Odors from 3D printing are the result of chemicals released during the process, and the reason this work was undertaken in the first place: New 3D printing users noticing the smell, and sometimes experiencing a physical reaction such as irritation, started to wonder about the safety of these devices. People began to reach out to Chemical Insights for more information. Were the 3D printers safe? What was the smell, exactly, and how could users deal with it?
Finding existing data lacking and hard to compare, Black and her team have developed a scientific testing protocol for evaluating 3D printers, beginning with extrusion-style FFF models. Printer manufacturers, material suppliers, users and others collaborated with Chemical Insights to facilitate this research, helping to build a 3D printer and filament database and establish acceptable levels of chemical and particle emissions. That work has resulted in a new standard for testing and assessing these 3D printers under ANSI UL 2904; it is now possible to purchase “low toxicity” systems that have been certified to this standard.

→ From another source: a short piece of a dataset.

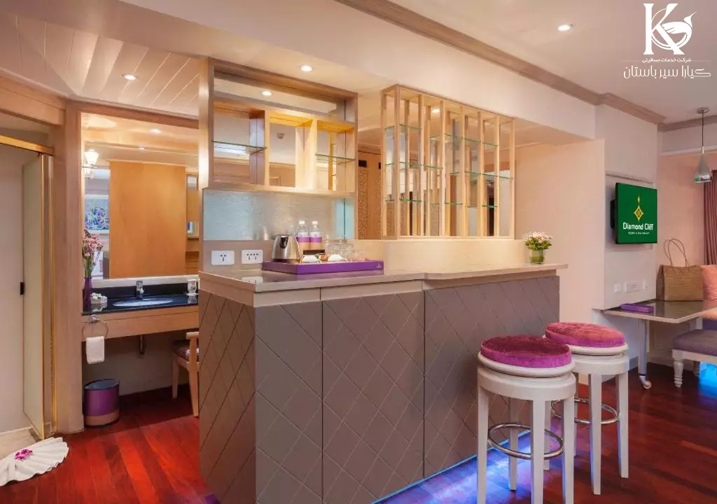 مرکز خرید محبوب Jungceylon و جاده Bangla کمتر از 2 کیلومتر با هتل فاصله دارند.اتاقهای هتل دیاموند کلیف ریزورت و اسپا دارای منظره غروب آفتاب خیرهکننده از بالکنهای خصوصی هستند. هر کدام دارای کفپوش چوبی صیقلی و تلویزیون کابلی/ماهواره ای هستند. یک مینی بار و یخچال نیز در هر اتاق ارائه شده است.مهمانان می توانند از مرکز تناسب اندام استفاده کنند یا در زمین تنیس بازی دوستانه ای داشته باشند. Diamond Spa دارای طیف گسترده ای از ماساژهای آرامش بخش و درمان های زیبایی است.این هتل رستوران در فضای داخلی و هم در فضای باز را ارائه می دهد و مجموعه ای از غذاهای بین المللی، تایلندی، ژاپنی، ایتالیایی و غذاهای دریایی را سرو می کند.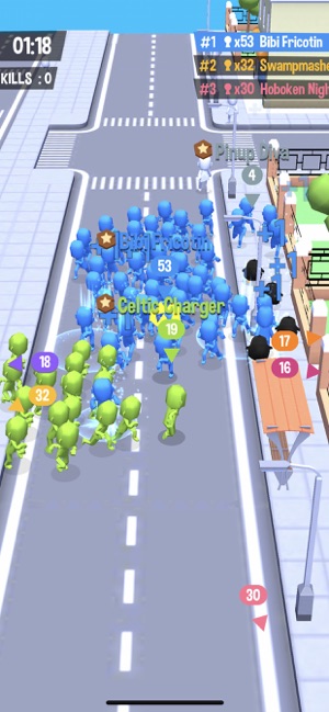 在城市中召集最大阵容! 城市游走圈粉,收集散落人群,同化其他小团体,组成超强阵容!

Now, Chemical Insights has turned its attention to another polymer 3D printing technology increasingly popular in these liminal spaces: vat photopolymerization. A new study recently published contains the details from the first tests of one of these systems, including the 3D printing, cleaning and curing steps.
FFF Versus Photopolymerization Emissions
The testing setup at Chemical Insights. Sensors inside this chamber capture information about the substances and particles emitted during 3D printing and related processes. All images courtesy Chemical Insights.
The testing protocol for a 3D printer at Chemical Insights involves placing the system in an exposure chamber, essentially a room-sized stainless steel box that simulates the airflow of a typical school or office environment, with the exception that the air inside is extremely clean. As the 3D printer runs inside this chamber, instruments collect data about the chemicals emitted, particles detected and particle size distribution.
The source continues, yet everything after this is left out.